Multiple reports say that the number of officers who were taken off the streets and put on desk duty this month increased from 10 to 50, however the Philadelphia Police Department has not officially confirmed this statistic.
"As we said from the onset — after saying we had taken 10 off the street – the number might grow throughout the investigation," a spokesperson for the PPD said in a statement to NBC. "We will not be commenting on anything that might compromise the ability to effectively conduct the investigation – including a statistic that is subject to change."
The Philadelphia NAACP has called for the officers to be fired after a lengthy Buzzfeed investigation reported on the findings of Philadelphia lawyer Emily Baker-White who had examined the social media accounts of about 2,900 officers around the U.S. and published them on the The Plain View Project.
The project found that about 1 in 5 active cops and 2 in 5 retired officers made public posts or comments on Facebook that displayed bias, applauded violence, scoffed at due process, or used dehumanizing language, Buzzfeed reported.
In Philadelphia, Baker-White found that out of about 6,600 officers in the city's police department, 1,073 had been identified on Facebook.
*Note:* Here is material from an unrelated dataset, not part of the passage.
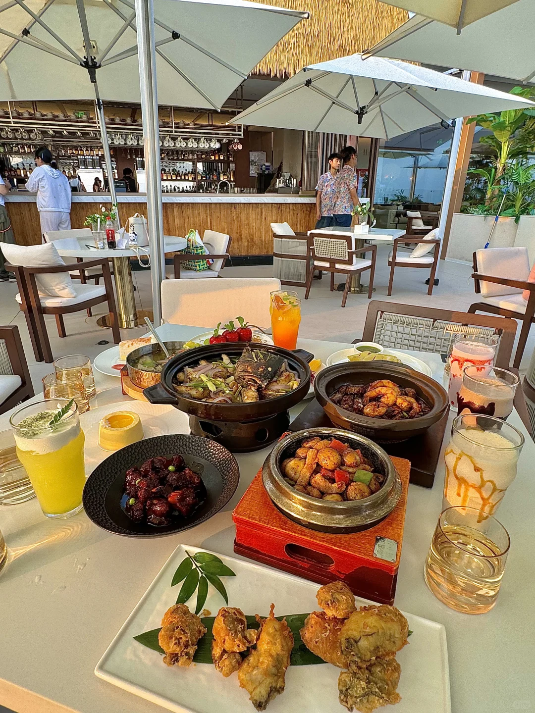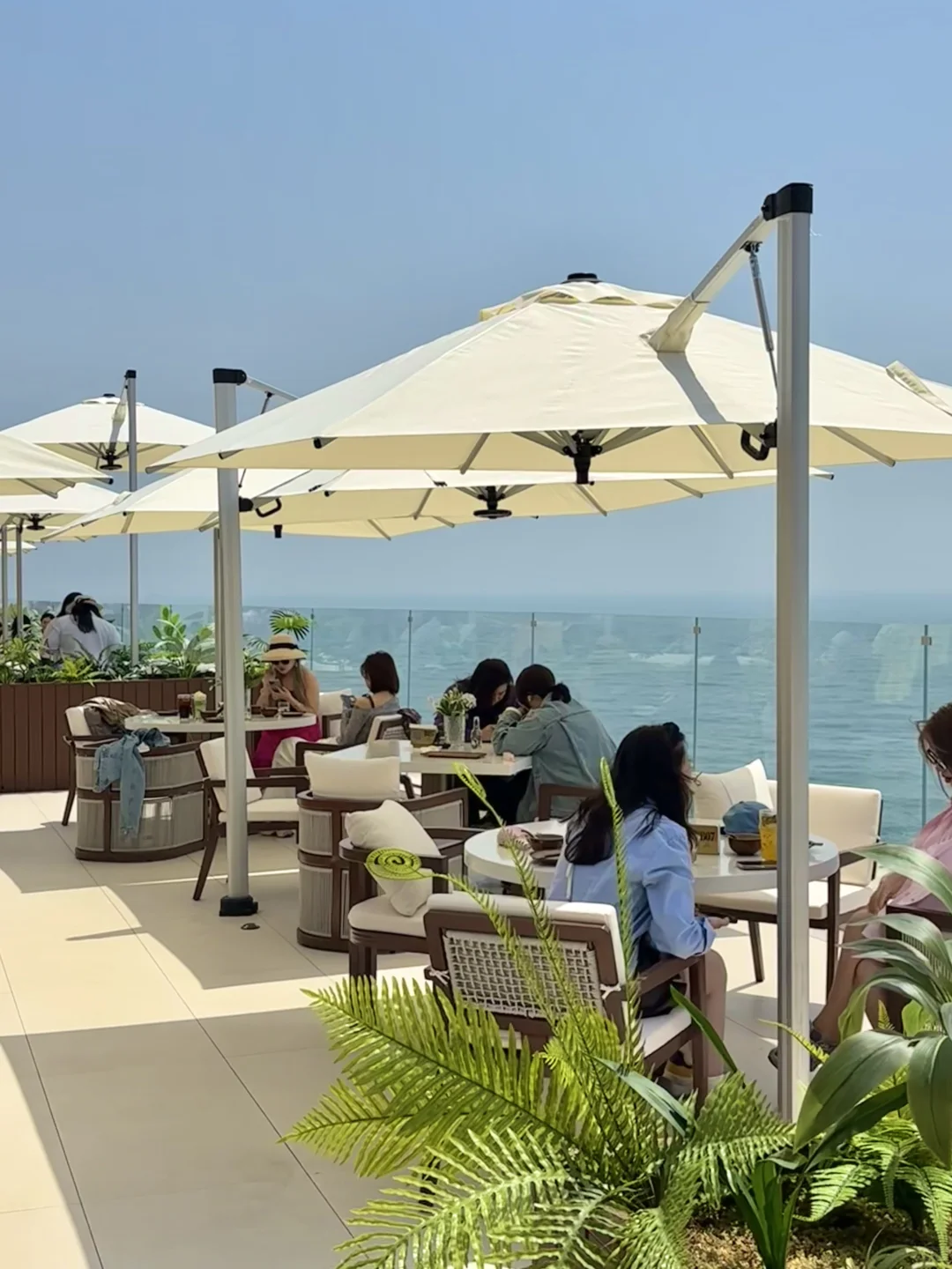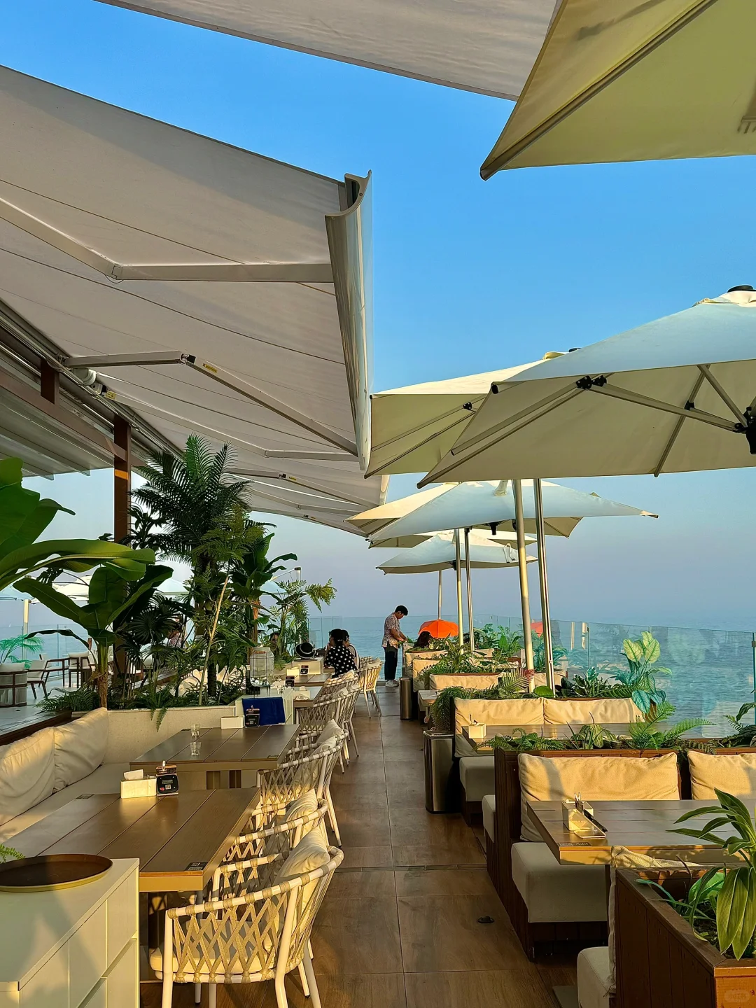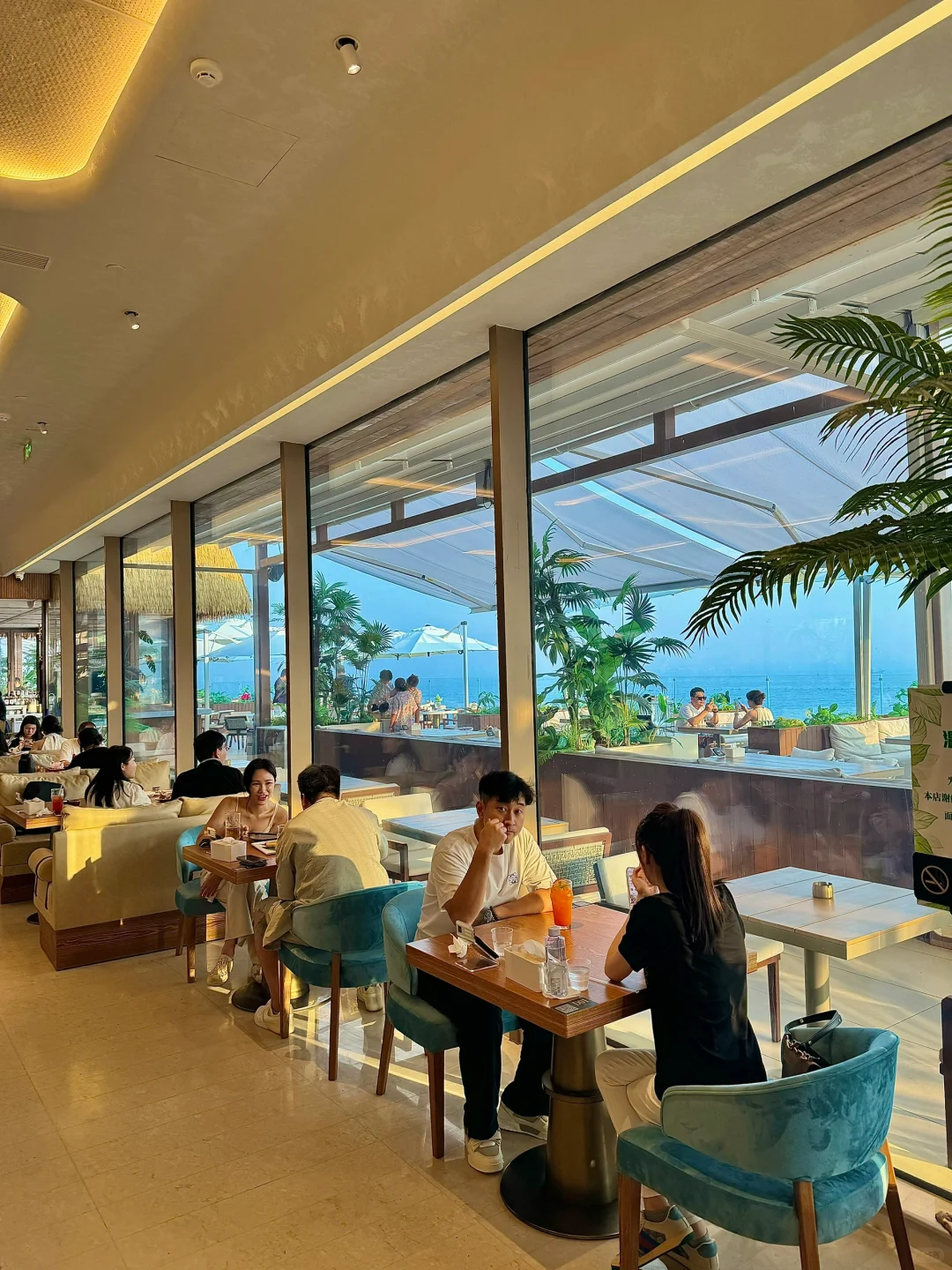 记住奥帆的这个山洞的旁边 上了电梯以后可以直接通往巴厘岛! 180°海岸线! 随手拍了照片发pyq还以为我去国外度假了🏖️ 推荐露台靠海边的位置 阳光洒在海边上波光粼粼的,太chill了! 吃完饭的话可以看夕阳🌇 人生moment又➕1了!!

And of those who could be identified, one third had made troubling posts or comments.
Last week, the Inquirer reported that, after the NAACP called for an investigation, 10 officers were placed on desk duty who exhibited explicit bias on social media.
Philadelphia Police Commissioner Richard Ross said the entire force would undergo anti-bias training. An unnamed law firm will be conducting an independent investigation of the Facebook posts and comments.
The Philadelphia chapter of the Fraternal Order of Police has called the investigation "overly-broad."